▶ What the task asks:
Reproduce the records below in full and word for word, excluding pictures.

▶

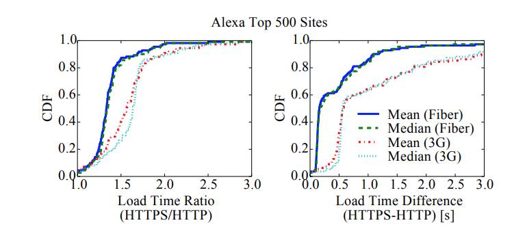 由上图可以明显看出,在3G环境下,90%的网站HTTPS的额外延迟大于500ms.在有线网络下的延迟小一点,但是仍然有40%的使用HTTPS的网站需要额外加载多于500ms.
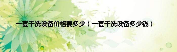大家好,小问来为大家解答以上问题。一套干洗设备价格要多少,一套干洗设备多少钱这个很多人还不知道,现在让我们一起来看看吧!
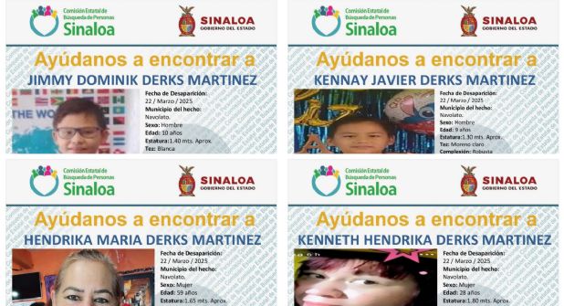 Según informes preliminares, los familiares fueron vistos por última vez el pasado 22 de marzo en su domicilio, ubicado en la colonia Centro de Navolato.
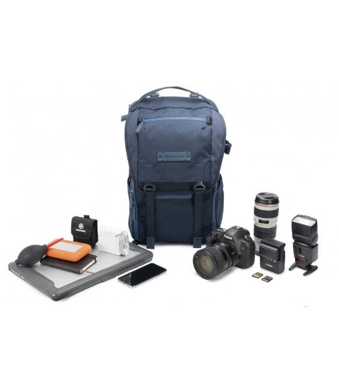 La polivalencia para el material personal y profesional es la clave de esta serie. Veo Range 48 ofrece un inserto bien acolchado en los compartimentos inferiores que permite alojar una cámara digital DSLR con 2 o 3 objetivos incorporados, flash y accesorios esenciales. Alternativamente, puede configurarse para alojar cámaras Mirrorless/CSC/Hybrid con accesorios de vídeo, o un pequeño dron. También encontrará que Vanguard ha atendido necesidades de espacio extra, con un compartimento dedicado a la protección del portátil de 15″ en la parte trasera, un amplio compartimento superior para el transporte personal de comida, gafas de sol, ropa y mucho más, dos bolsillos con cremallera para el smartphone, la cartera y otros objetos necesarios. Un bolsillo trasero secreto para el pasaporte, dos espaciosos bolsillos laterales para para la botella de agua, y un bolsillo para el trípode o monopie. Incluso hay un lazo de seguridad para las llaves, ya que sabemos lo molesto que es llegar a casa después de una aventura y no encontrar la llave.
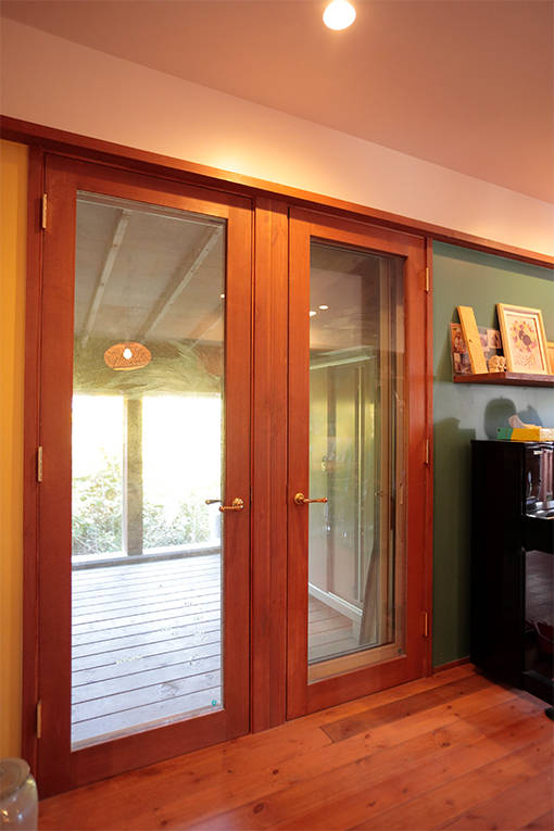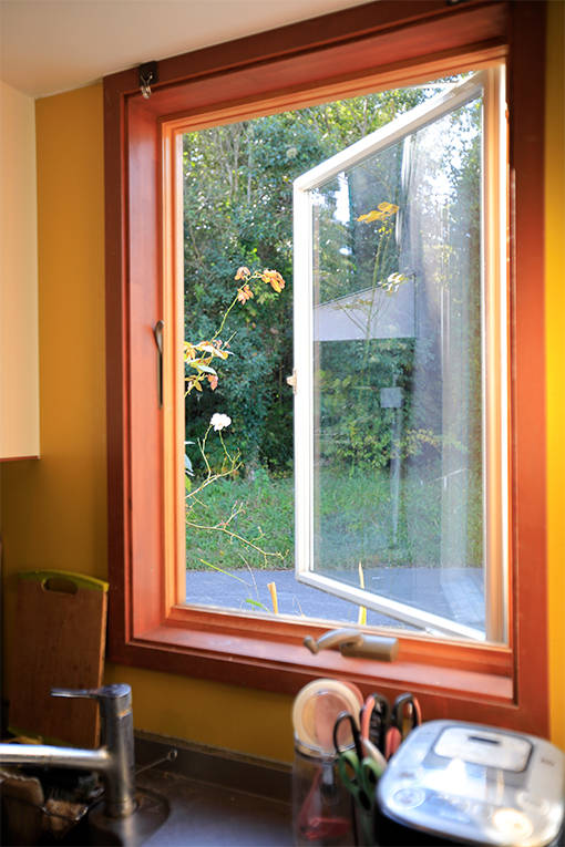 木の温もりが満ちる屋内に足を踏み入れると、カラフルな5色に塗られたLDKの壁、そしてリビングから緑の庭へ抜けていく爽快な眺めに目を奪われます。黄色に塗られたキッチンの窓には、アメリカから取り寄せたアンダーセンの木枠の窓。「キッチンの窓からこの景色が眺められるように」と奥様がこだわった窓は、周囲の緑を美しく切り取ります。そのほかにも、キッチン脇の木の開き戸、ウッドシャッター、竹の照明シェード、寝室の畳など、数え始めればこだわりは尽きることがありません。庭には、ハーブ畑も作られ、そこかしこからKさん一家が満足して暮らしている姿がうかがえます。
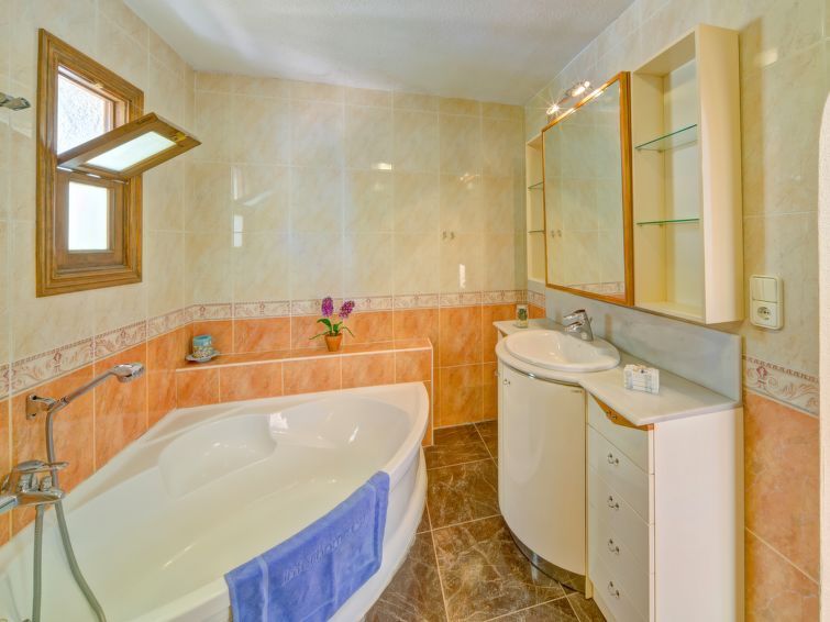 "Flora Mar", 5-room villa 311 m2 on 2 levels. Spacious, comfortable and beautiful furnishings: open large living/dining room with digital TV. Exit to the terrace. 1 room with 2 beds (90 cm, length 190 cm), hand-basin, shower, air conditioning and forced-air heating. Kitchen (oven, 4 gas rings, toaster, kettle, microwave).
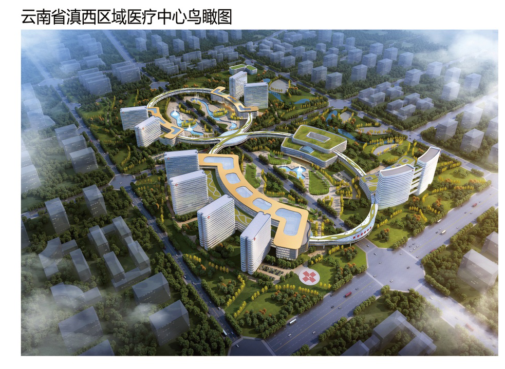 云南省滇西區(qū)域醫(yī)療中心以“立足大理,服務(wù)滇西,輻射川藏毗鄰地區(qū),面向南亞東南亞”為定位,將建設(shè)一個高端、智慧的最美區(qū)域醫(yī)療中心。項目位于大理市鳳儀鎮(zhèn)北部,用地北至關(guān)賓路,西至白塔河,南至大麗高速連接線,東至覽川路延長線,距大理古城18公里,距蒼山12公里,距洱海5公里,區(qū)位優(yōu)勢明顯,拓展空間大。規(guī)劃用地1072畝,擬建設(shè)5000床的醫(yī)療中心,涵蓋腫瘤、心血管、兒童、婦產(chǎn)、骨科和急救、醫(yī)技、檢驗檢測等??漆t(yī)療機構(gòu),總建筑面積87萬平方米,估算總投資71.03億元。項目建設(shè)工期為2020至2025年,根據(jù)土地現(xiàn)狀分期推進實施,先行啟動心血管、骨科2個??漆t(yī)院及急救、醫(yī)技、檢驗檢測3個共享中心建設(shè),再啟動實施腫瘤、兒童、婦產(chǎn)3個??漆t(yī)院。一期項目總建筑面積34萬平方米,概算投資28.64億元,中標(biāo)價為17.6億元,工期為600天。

◀

▶ Answer to this problem:
 由上图可以明显看出,在3G环境下,90%的网站HTTPS的额外延迟大于500ms.在有线网络下的延迟小一点,但是仍然有40%的使用HTTPS的网站需要额外加载多于500ms.
大家好,小问来为大家解答以上问题。一套干洗设备价格要多少,一套干洗设备多少钱这个很多人还不知道,现在让我们一起来看看吧!
 Según informes preliminares, los familiares fueron vistos por última vez el pasado 22 de marzo en su domicilio, ubicado en la colonia Centro de Navolato.
 La polivalencia para el material personal y profesional es la clave de esta serie. Veo Range 48 ofrece un inserto bien acolchado en los compartimentos inferiores que permite alojar una cámara digital DSLR con 2 o 3 objetivos incorporados, flash y accesorios esenciales. Alternativamente, puede configurarse para alojar cámaras Mirrorless/CSC/Hybrid con accesorios de vídeo, o un pequeño dron. También encontrará que Vanguard ha atendido necesidades de espacio extra, con un compartimento dedicado a la protección del portátil de 15″ en la parte trasera, un amplio compartimento superior para el transporte personal de comida, gafas de sol, ropa y mucho más, dos bolsillos con cremallera para el smartphone, la cartera y otros objetos necesarios. Un bolsillo trasero secreto para el pasaporte, dos espaciosos bolsillos laterales para para la botella de agua, y un bolsillo para el trípode o monopie. Incluso hay un lazo de seguridad para las llaves, ya que sabemos lo molesto que es llegar a casa después de una aventura y no encontrar la llave.
 木の温もりが満ちる屋内に足を踏み入れると、カラフルな5色に塗られたLDKの壁、そしてリビングから緑の庭へ抜けていく爽快な眺めに目を奪われます。黄色に塗られたキッチンの窓には、アメリカから取り寄せたアンダーセンの木枠の窓。「キッチンの窓からこの景色が眺められるように」と奥様がこだわった窓は、周囲の緑を美しく切り取ります。そのほかにも、キッチン脇の木の開き戸、ウッドシャッター、竹の照明シェード、寝室の畳など、数え始めればこだわりは尽きることがありません。庭には、ハーブ畑も作られ、そこかしこからKさん一家が満足して暮らしている姿がうかがえます。
 "Flora Mar", 5-room villa 311 m2 on 2 levels. Spacious, comfortable and beautiful furnishings: open large living/dining room with digital TV. Exit to the terrace. 1 room with 2 beds (90 cm, length 190 cm), hand-basin, shower, air conditioning and forced-air heating. Kitchen (oven, 4 gas rings, toaster, kettle, microwave).
 云南省滇西區(qū)域醫(yī)療中心以“立足大理,服務(wù)滇西,輻射川藏毗鄰地區(qū),面向南亞東南亞”為定位,將建設(shè)一個高端、智慧的最美區(qū)域醫(yī)療中心。項目位于大理市鳳儀鎮(zhèn)北部,用地北至關(guān)賓路,西至白塔河,南至大麗高速連接線,東至覽川路延長線,距大理古城18公里,距蒼山12公里,距洱海5公里,區(qū)位優(yōu)勢明顯,拓展空間大。規(guī)劃用地1072畝,擬建設(shè)5000床的醫(yī)療中心,涵蓋腫瘤、心血管、兒童、婦產(chǎn)、骨科和急救、醫(yī)技、檢驗檢測等??漆t(yī)療機構(gòu),總建筑面積87萬平方米,估算總投資71.03億元。項目建設(shè)工期為2020至2025年,根據(jù)土地現(xiàn)狀分期推進實施,先行啟動心血管、骨科2個??漆t(yī)院及急救、醫(yī)技、檢驗檢測3個共享中心建設(shè),再啟動實施腫瘤、兒童、婦產(chǎn)3個??漆t(yī)院。一期項目總建筑面積34萬平方米,概算投資28.64億元,中標(biāo)價為17.6億元,工期為600天。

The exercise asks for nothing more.